Me siento un poco culpable, así que llamo a Jonathan para preguntarle por Liadan.
—¿La chica? —me dice—. Ha pasado por aquí hace un rato, corriendo como alma que lleva el diablo. Y mirando al suelo, como siempre. Es una mujer rara.
Me tranquilizo, pues Liadan ya era rara antes y si sigue siéndolo ahora es que todo va bien.
Para mi propia sorpresa hoy ya no me siento enfadado, pues ayer la hice sufrir, disfruté aterrándola y me siento desahogado. Supongo que es verdad que somos un poco neuróticos, que nuestras emociones se proyectan sin medida. Y yo sé que tengo poder sobre Liadan, el poder de matarla de miedo. No me gusta, pero estoy íntimamente complacido por ello.
Cuando llega la mañana me siento curioso, excitado, olvidados ya los recelos de ayer. Observando a Liadan en su rutina de asistir a las clases y mantener conversaciones con sus compañeros, la veo tranquila y tan poco desenvuelta como siempre, pero ésa es su normalidad. Aunque mira mucho a su alrededor, con gesto expectante, y yo sé que me busca. Espero impaciente el fin de las clases, sorprendido porque hacía décadas que no lidiaba con la inquietud.
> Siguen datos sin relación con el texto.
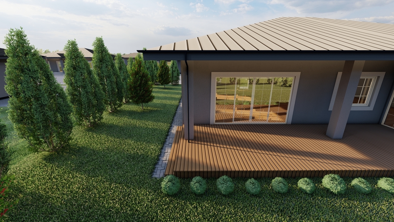 • Trinkelės, veja, tvora, terasa.

Liadan aparece en la biblioteca sólo diez minutos después de que hayan terminado las clases. Me mira con una mezcla de sorpresa, satisfacción y temor que hace brillar sus opacos ojos negros. No debía de estar segura de si me iba a encontrar aquí ni de qué ánimo, y no sabe cómo reaccionar al respecto. Siento lástima por ella, así que me limito a permanecer apoyado en la mesa que está frente a la del bibliotecario porque me gustaría poder volver a mantener una conversación civilizada con ella. Si pierdo su confianza, perderé mucho más que eso. Perderé mi único contacto con el mundo.
—Hola —la saludo al ver que no reacciona.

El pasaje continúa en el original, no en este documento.